危険な賭けをする前に、ひとつの法則を知れた。


「一度戻るぞ。 まだ引き返せる。情報を整理して――」

「駄目だぜ、坊。 それは男じゃねぇ」


シレイは即座に首を振った。


「馬鹿か?! 男とかどうこう言ってる状況でも、

 お前の根性論が通る話じゃないのは分かるだろ。 闇雲に行動するほうが愚かだ!」

「ダルクの猶予は今日までだ。 街で道具を集めてここまで来て、ようやくここまで来た」


低く息を吐く。


「今引き返しても、次に持ってこれるもんなんてたかが知れてる。

 俺たちは海賊じゃねぇ。

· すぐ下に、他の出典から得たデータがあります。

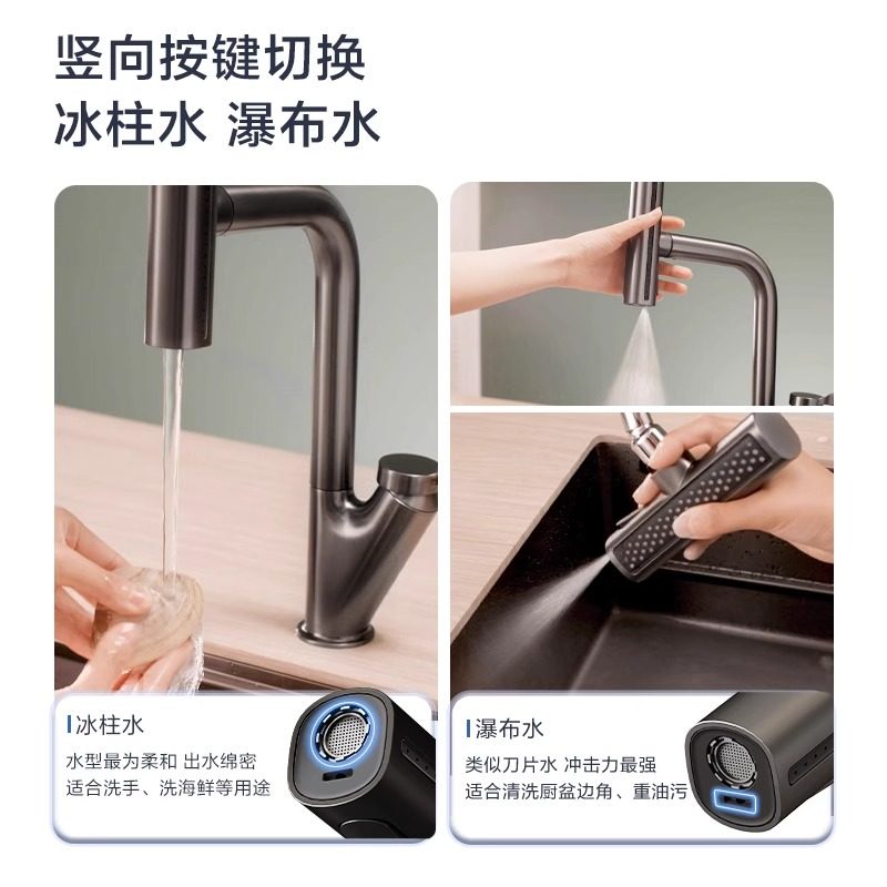 摩恩飞雨瀑布水抽拉式水龙头家用厨房洗碗洗菜水龙头16350/10321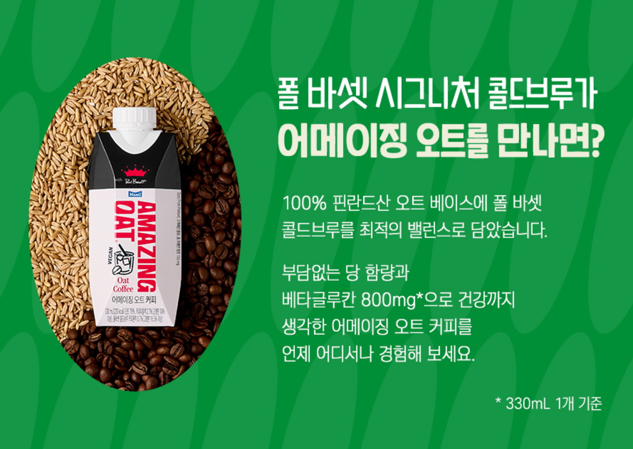 최근엔 폴바셋 시그니처 콜드브루에 어메이징 오트를 최적의 밸런스로 담아냈다는 '어메이징 오트 커피'가 새로 나왔다고 해요. 아직 맛을 보진 않았지만 폴바셋과 어메이징 오트의 만남이라니 벌써 기대가 됩니다.

洞窟専門家でもねぇ。 情報も人脈もねぇんだ」


シレイは天井近くで光り輝く宝石を指差し、そのまま歯車に向ける。


「上に上がれる手段は目の前にあるんだ。 力づくで取れってあの宝石も言ってるぜ」

「あの歯車を利用するのか? 足を滑らせれば終わりだ!」

「なら、戻って脚立でも作るつもりか? 拾いモンの町に高望みはできねぇよ。

 ロープもフックも揃えた。 使えるもんは全部使った。 だったら次は登る番だろ?」


滝の轟音が二人の間を流れる。

理屈としては正しい。

正しいからこそ、レイヴンは苛立った。


「上り詰めた後は、飛んであの宝石をブンどる。 

 それに俺は滝壺へ飛び込むつもりも、歯車に挟まれるつもりもねぇ。

 俺は"竜の騎士"だ。 ……俺も少しは考えてるんだぜ?」


軽く拳で胸を叩く。

レイヴンの"失いたくない"気持ちも理解している。

いや、そもそも死ぬつもりなんて考えていない。

こんなものはただの崖上りの要領だ。 なんてことない。


その横顔に一瞬だけ、故郷を思い出す色が浮かんだ。

故郷の断崖、幼い頃のダルクとの競合い、兵士時代の訓練。

御山フィレーナ山の崖上りと比べれば、マシなレベルだ。

いつも娘が自分の背中を登ってくるような、子どもの遊びなんだ。


歯車に挟まれたら? 水に触れたら結晶化する?

そんなもの、まだ起きてもいない未来だ。


「ちゃんと、帰ってくるからさ。 だから、サポート頼むぜ!」

「おい、待て!」


そういってすぐにシレイは歯車のほうへ近づくために、岩肌を使って登り始める。


レイヴンの制止は届かない。

信用していないわけではない。 むしろ逆だ。

信用しているからこそ、失いたくなかった。


レイヴンは額を押さえた。

「この馬鹿野郎が……!」


怒鳴りながらも、すでに手にはシレイに巻かれているロープを掴んでいる。

落とさないために。 見捨てないために。


「戻ってきたら減給だ! 絶対に減給だからな!!」


笑い声が返ってきた。

それは滝の轟音にも負けないほど、妙に楽しそうな声だった。